When enabled, malware scanning occurs with Centralized Analysis, when the image content itself is available. Any findings are available via:

API /images/{image_digest}/content/malware)
AnchoreCTL anchorectl image content <image_digest> -t malware
UI Image SBOM Tab

The Malware Policy Gate also provides compliance rules around any findings.

Please Note: Files in an image which are greater than 2GB will be skipped due to a limitation in ClamAV. Any skipped file will be identified with a Malware Signature as ANCHORE.FILE_SKIPPED.MAX_FILE_SIZE_EXCEEDED.

Signature DB Updates

Each analyzer service will run a malware signature update before analyzing each image.
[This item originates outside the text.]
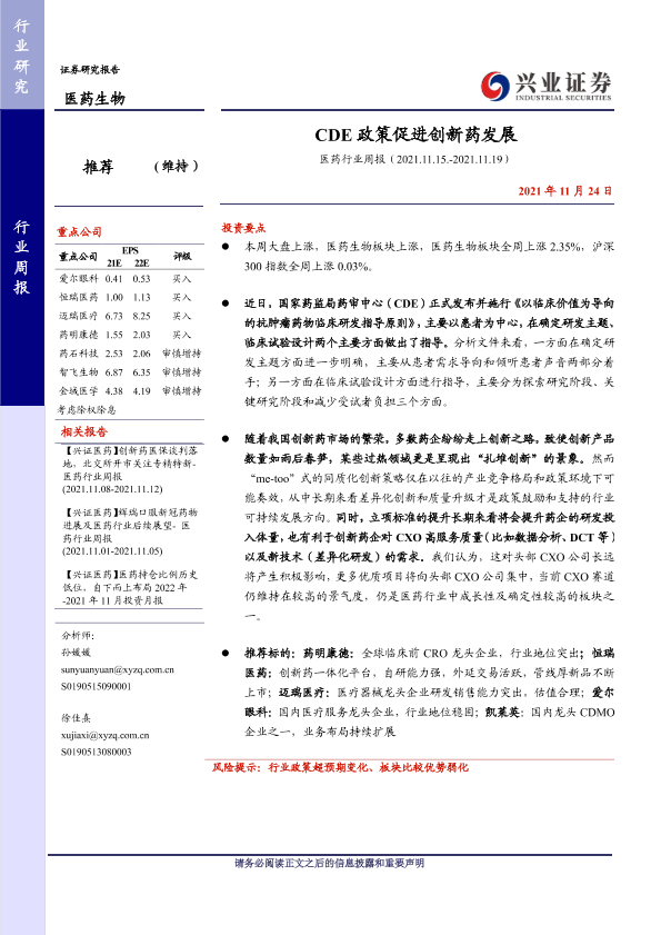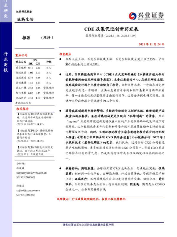 【兴业证券】【20211124】CDE政策促进创新药发展-12页

This does add some latency to the overall analysis time but ensures the signatures are as up-to-date as possible for each image analyzed. The update behavior can be disabled if you prefer to manage the freshness of the db via another route, such as a shared filesystem mounted to all analyzer nodes that is updated on a schedule. See the configuration section for details on disabling the db update.

The status of the db update is present in each scan output for each image.

Scan Results

The malware content type is a list of scan results. Each result is the run of a malware scanner, by default clamav.

The list of files found to contain malware signature matches is in the findings property of each scan result. An empty array value indicates no matches found.

The metadata property provides generic metadata specific to the scanner. For the ClamAV implementation, this includes the version data about the signature db used and if the db update was enabled during the scan. If the db update is disabled, then the db_version property of the metadata will not have values since the only way to get the version metadata is during a db update.

{
    "content": [
        {
            "findings": [
                {
                    "path": "/somebadfile",
                    "signature": "Unix.Trojan.MSShellcode-40"
                },
                {
                    "path": "/somedir/somepath/otherbadfile",
                    "signature": "Unix.Trojan.MSShellcode-40"
                }
            ],
            "metadata": {
                "db_update_enabled": true,
                "db_version": {
                    "bytecode": "331",
                    "daily": "25890",
                    "main": "59"
                }
            },
            "scanner": "clamav"
        }
    ],
    "content_type": "malware",
    "imageDigest": "sha256:0eb874fcad5414762a2ca5b2496db5291aad7d3b737700d05e45af43bad3ce4d"
}